Combined variations in sleep, physical activity, and nutrition and the risk of major adverse cardiovascular events
Small, achievable improvements in sleep, exercise, and diet together meaningfully reduce heart attacks and strokes in real-world populations.
This large UK Biobank prospective cohort study (n=53,242) quantifies the combined dose-response effect of sleep, physical activity, and nutrition on major cardiovascular events over 8 years of follow-up.
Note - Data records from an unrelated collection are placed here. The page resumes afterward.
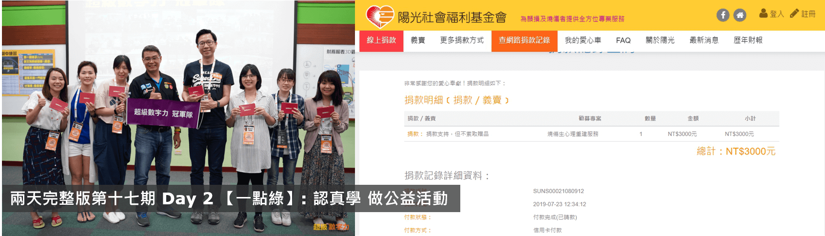 課程中小組得分,由講師MJ統一捐款 $ 3,000 元,由冠軍隊小組決定捐款的弱勢團體。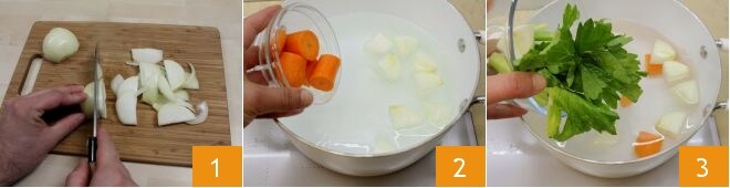 Para preparar o risoto de abóbora com robiola e bacon crocante, comece preparando o Caldo de legumes. Em uma panela grande, coloque a água para ferver; enquanto isso, lave bem todos os vegetais. Descasque uma cebola e corte-a em pedaços 1, depois descasque uma cenoura, removendo as extremidades, e corte-a grosseiramente 2 junto com o aipo. Coloque todos os vegetais 3, ajuste o sal e, quando a água começar a ferver, tampe. Cozinhe por cerca de meia hora e, ao final do cozimento, coe o caldo com uma peneira.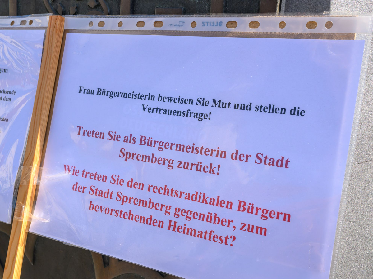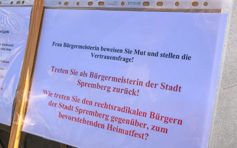 Kritik an Herntier ist schon am Vormittag auf dem Marktplatz zu hören, wo sich eine kleine Gruppe Protestierender versammelt hat. Einige fordern den Rücktritt Herntiers. Auch hier heißt es, die Bürgermeisterin habe dem Ansehen geschadet. «Als Bürger der Stadt Spremberg fühle ich mich mit ihren Auftritten in die rechtsradikale Schiene gedrückt.»

The finding that minimal combined improvements across all three lifestyle domains—achievable by most adults—associate with clinically meaningful MACE reductions suggests multibehavioral interventions may be more effective and sustainable than single-behavior approaches.
What the study was
- Study design
- Prospective cohort (UK Biobank), wearable-measured SPAN behaviours
- Population
- UK Biobank adults, median age 63.0 years
- Sample size
- 53242
- Category
- Prevention
- Maturity
- Validated
- Journal
- European Journal of Preventive Cardiology
Why it surfaced
Large validated prospective cohort; quantifies minimum-change thresholds useful for clinical guidance; directly relevant to cardiovascular-metabolic watchlist topic. Observational design caps at STANDARD.
A plain-language summary of published research — not medical advice. Talk to a clinician about your own care.